Protein–protein interaction (PPI) data for human and other organisms are available as a result of advances in technologies like mass spectroscopy and yeast two-hybrid assays. There has been a tremendous growth in this type of data in the recent years.

16.3 DATA INTEGRATION

There has been a considerable volume of recent research into data integration in genetics. The methods are often specific to the formalisms used to infer dependency structures from data. Causal networks, for example, Bayesian nets, have been a popular approach to identify the gene regulatory process [1114]. However, when applied to experimental data alone, the results were poor due to the fact that the data were, and still are, very sparse compared to the large number of variables (genes) that need to be modeled. This is typical of small sample size problems in general. Moreover, there is cyclical feedback operating in gene networks and inference networks generally only handle acyclic relationships among the variables. They need an explicit model of time to be able to deal with feedback. The overall performance of these models was not good and not many verifiable findings were made [12]. In order to improve upon the results, work was done to incorporate better prior knowledge in the Bayesian network-based modeling. Imoto et al. combined PPI, DNA binding, promoter element motifs as well as literature text mining [15]. Tanay et al. also used similar diverse datasets to build Bayesian network models [16, 17].

A more promising pragmatic approach, which we call weakly supervized module identification, did yield very good results and is still used in current research [1, 18]. The method takes a list of potential regulators and the microarray expression data as input. An initial clustering of the genes is carried out, which is then refined using an iterative procedure, based on the expectation maximization (EM) algorithm. For each cluster of genes, it searches for a regulation program that provides the best prediction of the expression profiles of genes in the module as a function of the expression of a small number of genes from the regulator set. After identifying regulation programs for all clusters, the algorithm re-assigns each gene to the cluster whose program best predicts its behavior. It iterates till convergence, refining both the regulation program and the gene partition in each iteration. To test the method, they integrated a set of regulators from the Saccharomyces Genome Database (SGD) and the Yeast Proteome Database (YPD). They obtained modules that showed significant similarity in promoter element motifs as well as in the database compiled by the Gene Ontology Consortium (2001). Despite its success, one of the biggest shortcomings of this research was that the biological prior knowledge that was incorporated was almost of an insignificant level. Only the names of transcription factors were employed by Segal. At about this time, more significant prior knowledge started becoming available in the form of ChIP–chip DNA binding data and other sources as described in an earlier section. The next step of research focused on ways of integrating these datasets in order to find gene modules.

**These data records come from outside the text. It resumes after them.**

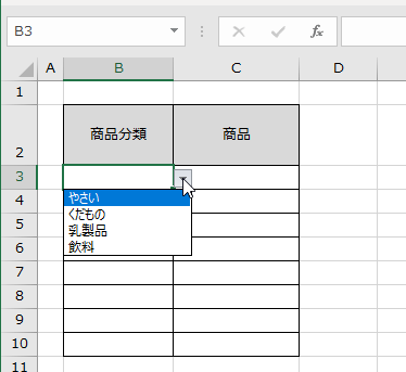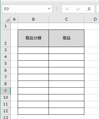データの入力は、セルB3からB12までで、B列「商品分類」の隣のC列は、商品を入力するセルになっています。
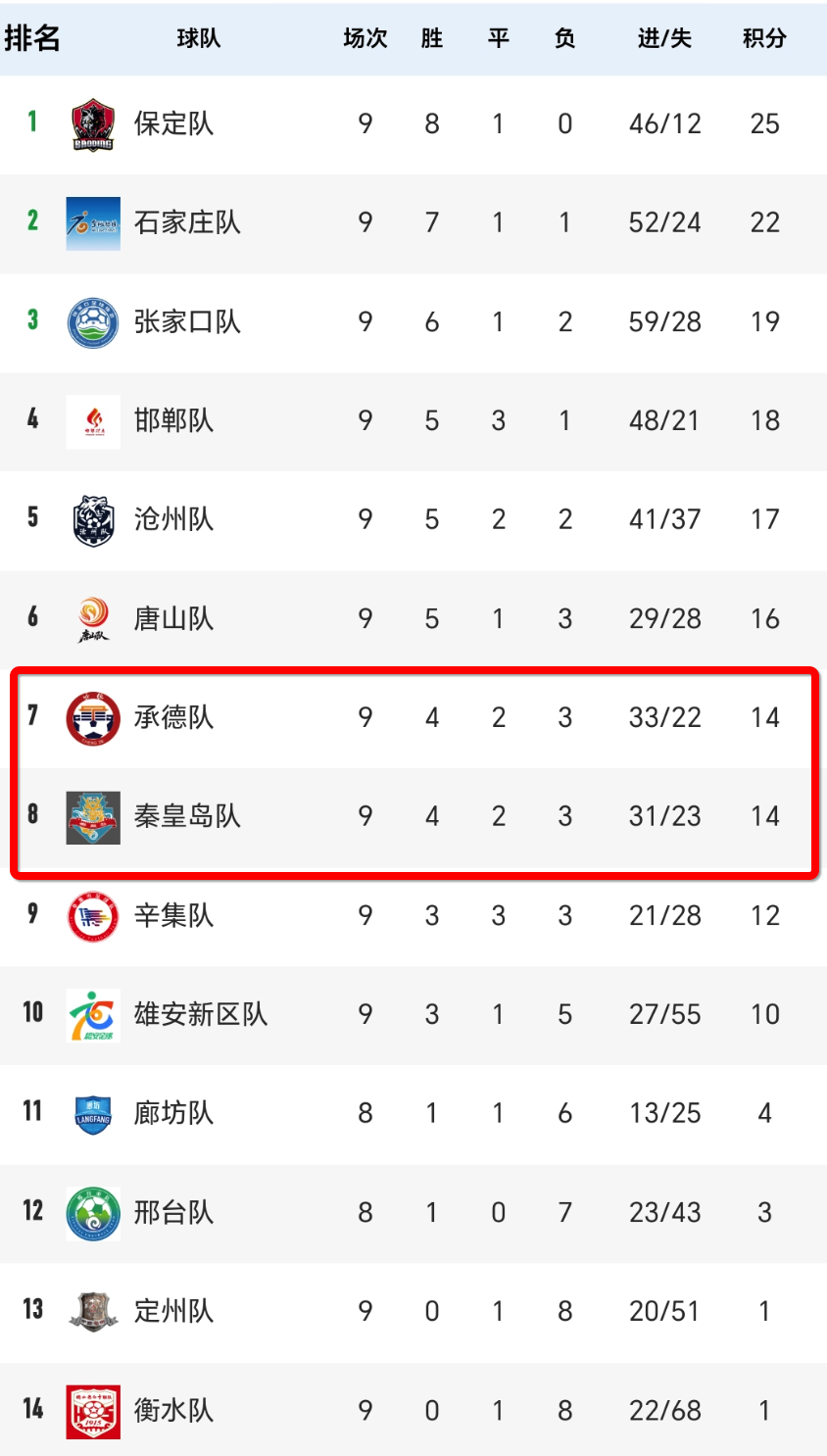 积分卡位战:前9轮战罢,承德队与秦皇岛队犹如两驾并驾齐驱的战车,均取得了4胜2平3负的战绩,同积14分。此战结果将直接影响排名格局,双方势必全力以赴。
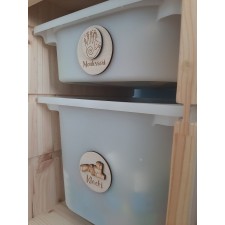 Drewniane piktogramy świetnie kontrastują z białymi lub kolorowymi pojemnikami i sprawiają, że cały regał jest uporządkowany.
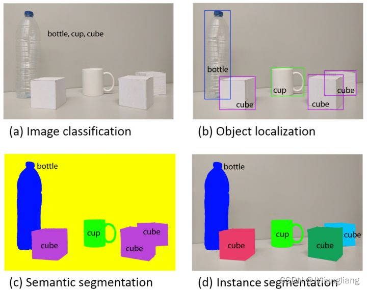 - 实例分割(目标分割和目标识别):定位图中每个物体,并进行像素级标注,区分不同个体;(CUBE都是不同颜色)
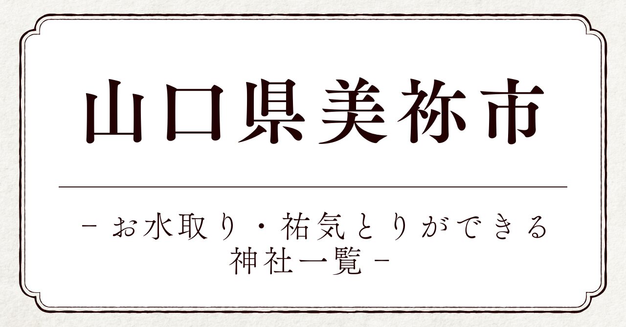 【山口県美祢市】お水取り・祐気とりができる神社一覧
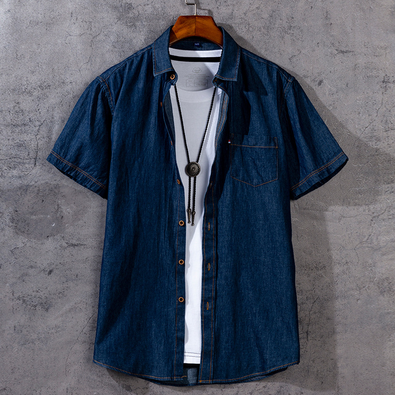 牛仔短袖衬衫男士夏季薄款纯棉宽松衬衣男款休闲帅气外套百搭开衫

The algorithm called Signature [19] takes a similar approach, clustering genes and conditions together using expression data. The input to the algorithm is a set of genes and, in the first step, the experimental conditions under which these genes change their expression above a threshold are chosen. In the second stage, all genes that have changed expression significantly under these conditions are selected. The consistency of the clustering result is evaluated by analyzing the recurrence of the output gene sets in their resulting modules when the input is mixed with irrelevant genes. The idea is that the results of any good algorithm should not deviate too much when slight perturbations are introduced in the data. A module is considered to be reliable if it is obtained from several distinct slightly perturbed input gene sets. Since the clusters are refined in two stages, there can be no guarantee that the results are clustered in an optimal manner. A better formulation might be to use the EM algorithm in order to maximize the objective function.

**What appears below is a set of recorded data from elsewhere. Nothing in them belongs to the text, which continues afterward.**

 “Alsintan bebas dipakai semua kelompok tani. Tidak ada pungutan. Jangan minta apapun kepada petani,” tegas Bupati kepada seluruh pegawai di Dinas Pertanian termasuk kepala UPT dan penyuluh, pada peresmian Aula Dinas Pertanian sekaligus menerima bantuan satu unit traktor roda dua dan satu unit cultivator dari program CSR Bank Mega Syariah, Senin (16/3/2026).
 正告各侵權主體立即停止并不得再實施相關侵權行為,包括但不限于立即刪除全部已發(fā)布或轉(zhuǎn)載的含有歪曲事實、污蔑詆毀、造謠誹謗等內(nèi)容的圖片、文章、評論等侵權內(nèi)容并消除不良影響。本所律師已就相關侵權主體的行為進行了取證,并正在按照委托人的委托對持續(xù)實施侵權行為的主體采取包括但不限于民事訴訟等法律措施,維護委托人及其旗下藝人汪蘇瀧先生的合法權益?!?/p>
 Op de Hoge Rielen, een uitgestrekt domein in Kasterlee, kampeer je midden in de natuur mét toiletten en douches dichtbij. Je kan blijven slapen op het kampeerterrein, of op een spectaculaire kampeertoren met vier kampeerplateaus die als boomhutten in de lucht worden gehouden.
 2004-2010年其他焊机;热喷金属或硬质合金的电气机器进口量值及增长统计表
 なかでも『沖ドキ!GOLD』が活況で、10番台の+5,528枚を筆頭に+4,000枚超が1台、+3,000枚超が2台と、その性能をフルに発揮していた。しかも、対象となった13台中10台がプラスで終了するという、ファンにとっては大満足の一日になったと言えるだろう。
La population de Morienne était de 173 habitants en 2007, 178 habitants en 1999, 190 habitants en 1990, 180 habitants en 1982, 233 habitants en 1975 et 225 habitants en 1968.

The Genetic Regulatory Modules (GRAM) algorithm uses a more strongly supervized method for discovering regulatory modules. It combines microarray expression data with DNA-binding data. DNA-binding data provide direct physical evidence of regulation and thus offer an improvement on previous work in which only indirect evidence of interaction was used for prior information [20]. Similar work was carried out by Lemmens et al. [21]. In this work, a very simple and intuitive algorithm was used to find coregulated sets of genes that have similar expression profiles, the same binding transcription factors, and a commonality of motifs. The principal difference from earlier algorithms is that where others used motif information to validate their results, Lemmens et al. used it in order to find the modules itself. All parameters, such as the cutoff for various datasets, have been chosen without much justification, and the basic idea seems very similar to the work in GRAM. Some of the comparison metrics used do not seem very sound, for example, average functional enrichment values have been calculated for the modules without normalizing to account for the size of the modules. Similarly, summary statistics like the minimum and maximum number of genes in the modules do not provide relevant information for comparing the algorithms.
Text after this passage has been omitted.